Já no sábado, houve pedidos de investigação sobre como um atirador – fora do perímetro de segurança do comício – conseguiu ter Trump na mira numa enorme violação de segurança que repercutirá durante meses e terá implicações em todos os futuros eventos presidenciais e de campanha.
Muitos políticos de ambos os lados já lamentam o calor da retórica política, seguindo mais uma indicação assustadora do que ela pode produzir numa nação onde as armas são tão facilmente acessíveis.
Resta saber se o choque dos acontecimentos de sábado, que poderiam ter sido muito piores, contribuirá para domar uma cultura política tóxica na qual Trump é um participante entusiasta.

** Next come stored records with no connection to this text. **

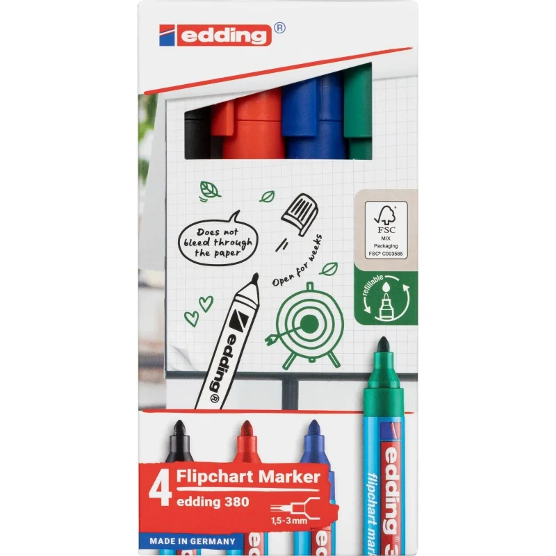 Набор маркеров для флипчартов EDDING E-380/4S 1,5-3мм, кругл 4цвета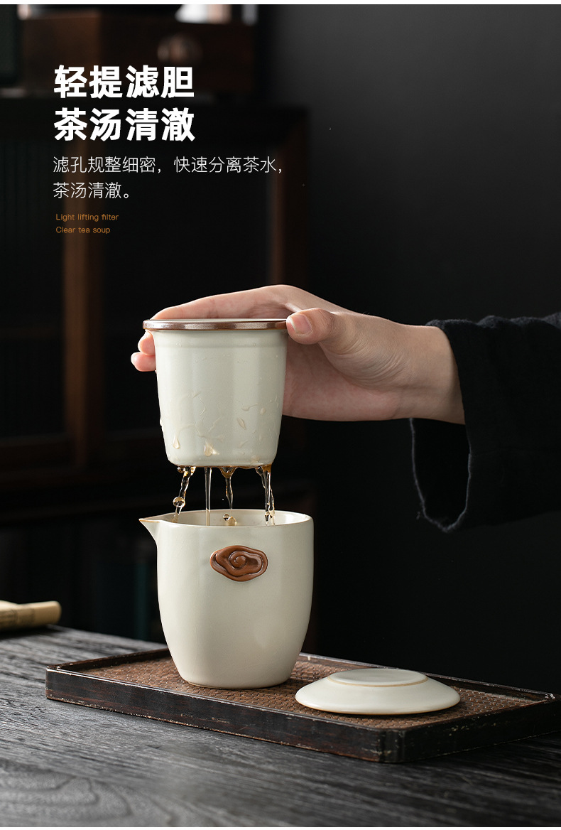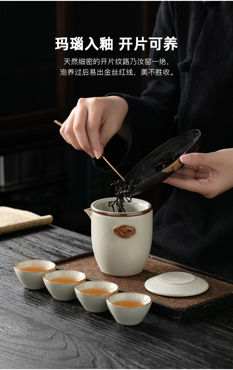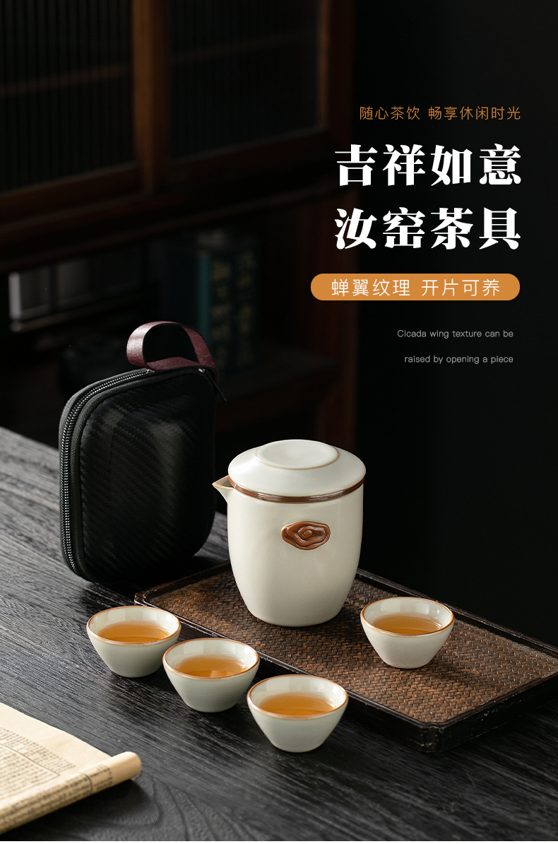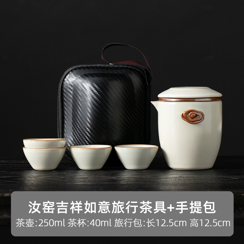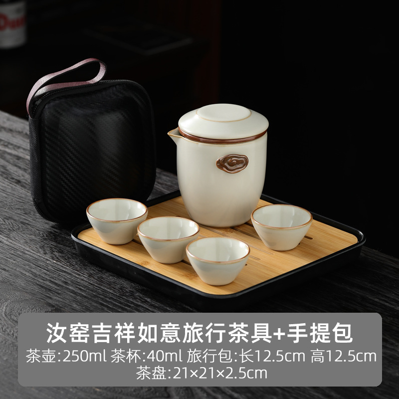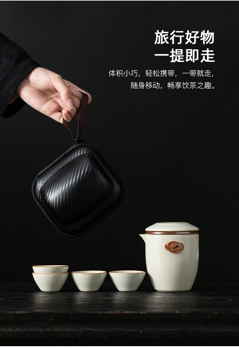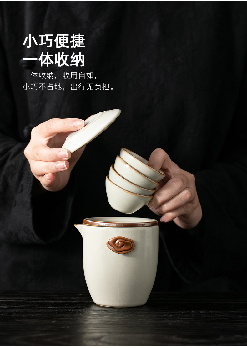 베이지 색 Ruyao 휴대용 여행 차 세트 작은 세트 간단한 쿵푸 차 냄비 티 컵 야외 캠핑 익스프레스 컵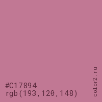 Цвет #C17894 в цветовой модели RGB обозначается тремя октетами (193, 120, 148) в десятичном формате и #C17894 в шестнадцатиричном (hex) формате, которые являются интенсивностью красного 193 (hex C1), интенсивность зелёного 120 (hex 78) и интенсивность синего 148 (hex 94).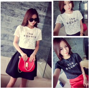 2015 春夏裝韓國新款時尚潮流百搭勾花鏤空蕾絲T恤女 /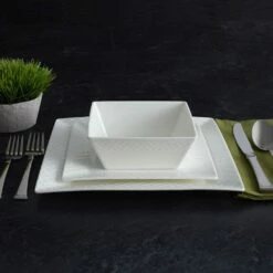 Flash Sale ❤️ Mikasa® Trellis White Square 16 Piece Dinnerware Set, Service for 4 😉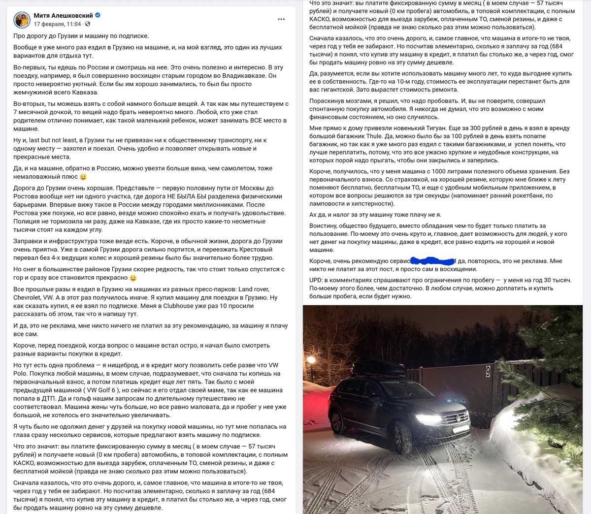 Прошло два года. Снова скандал. Снова в эпицентре господин Алешковский и его пост в соцсетях. Снова дискуссии о достойных зарплатах в отрасли, демонстративном потреблении и профессионализме. Правда, на этот раз триггером стала покупка машины по подписке.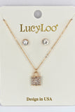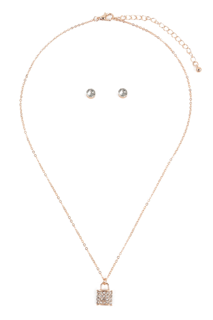 This unique set of jewelry is a must-have for your collection. Shine with a gold pendant featuring a stylish lock and stud earrings that match. Add flair and edge to any ensemble with this bold and daring set — it's sure to steal the show!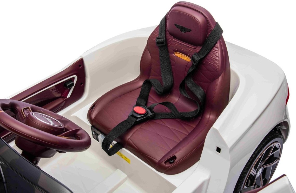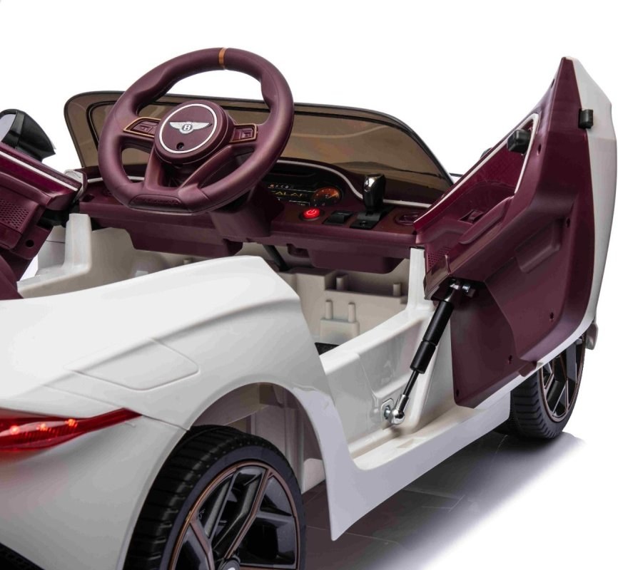 Najnovší model od Bentley pre deti spája luxusný vzhľad a moderné technológie v jednom. Precízne spracovaný dizajn dopĺňajú najnovšie funkcie ako MP3 prehrávač s USB/AUX vstupom, pričom hlasitosť všetkých zvukových efektov sa jednoducho ovláda priamo na prehrávači. Samozrejmosťou je aj prehrávanie hudby, predné LED osvetlenie a ukazovateľ stavu kapacity batérie, ktorý informuje o zostávajúcej kapacite vo voltoch.Multifunkčný volant - S tlačidlami na ovládanie klaksónu a prepínanie hudby.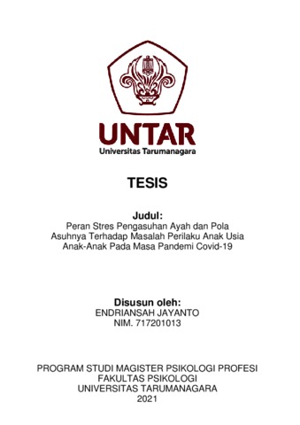 Jayanto, Endriansah (2023) Peran Stres Pengasuhan Ayah dan Pola Asuhnya Terhadap Masalah Perilaku Anak Usia Anak-Anak Pada Masa Pandemi Covid-19. Masters thesis, Universitas Tarumanagara.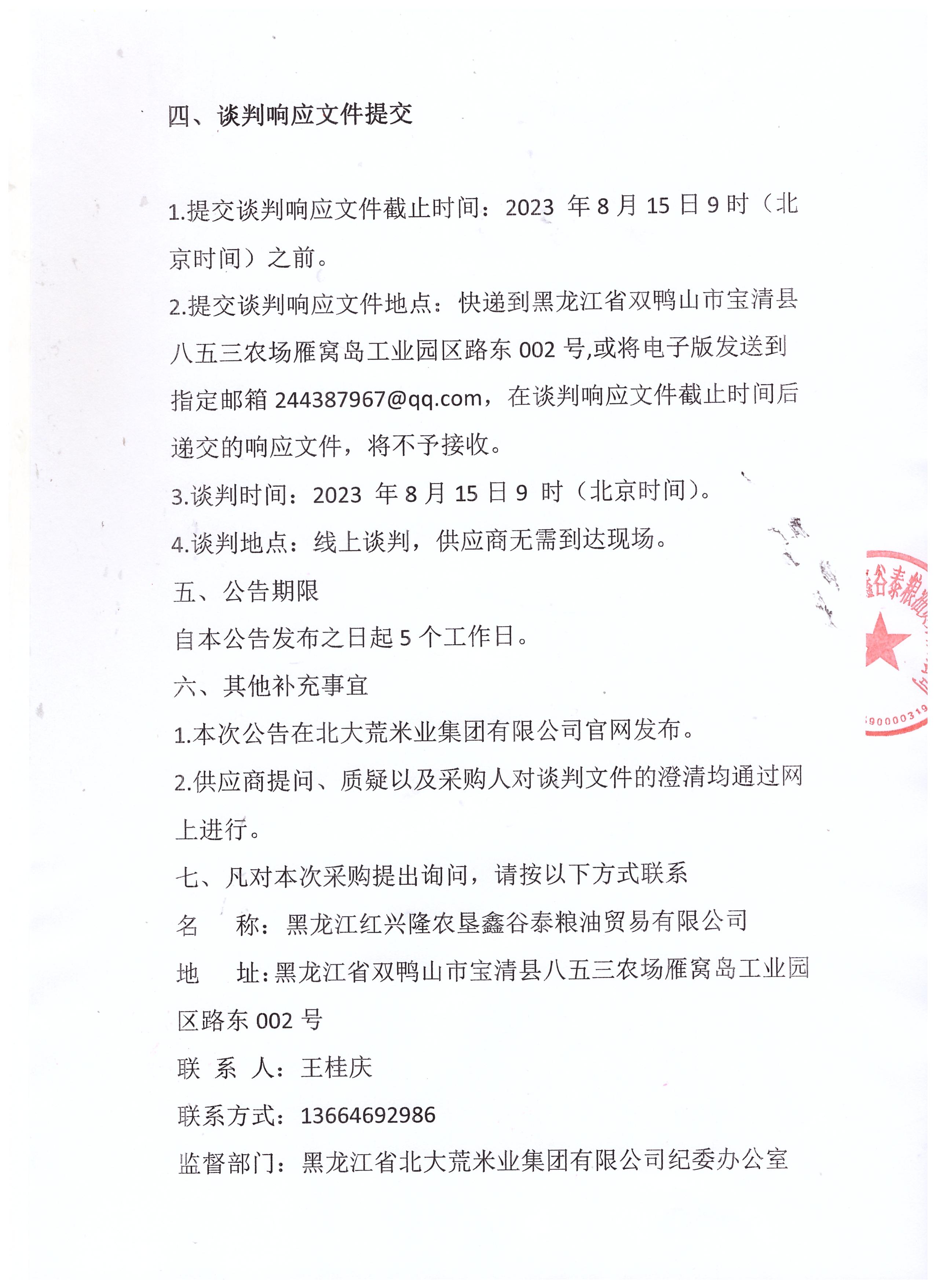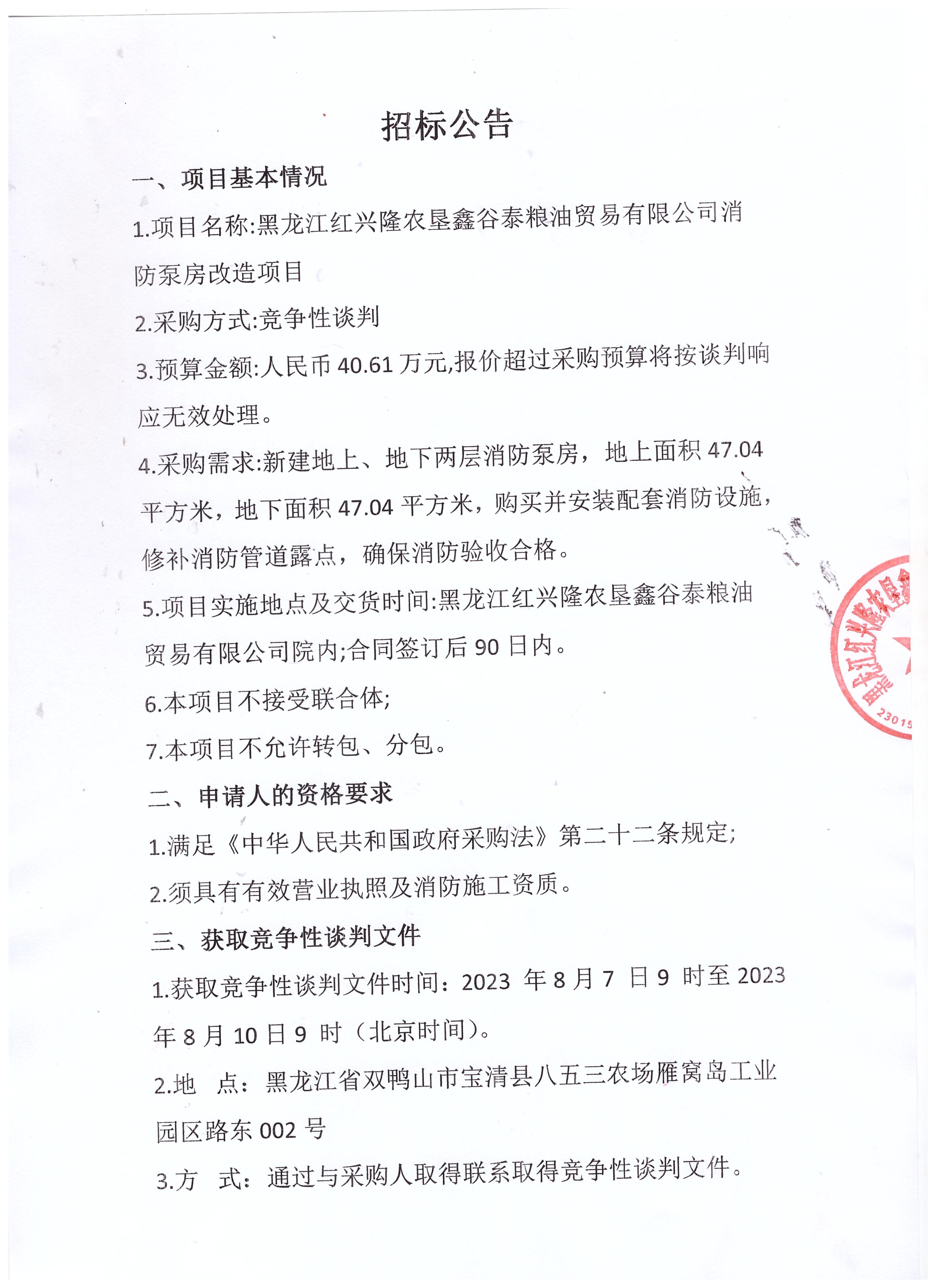 黑龍江紅興隆農(nóng)墾鑫谷泰糧油貿(mào)易有限公司消防泵房改造項(xiàng)目招標(biāo)公告

Numa das reações mais comoventes, Giffords disse num comunicado: “A violência política é aterrorizante. Eu sei”. Ela acrescentou: “Estou mantendo em meu coração o ex-presidente Trump e todos os afetados pelo ato indefensável de violência de hoje. A violência política é antiamericana e nunca aceitável – nunca.”
Infelizmente, a história sugere que a violência, embora indefensável, é também uma cicatriz por excelência na política americana.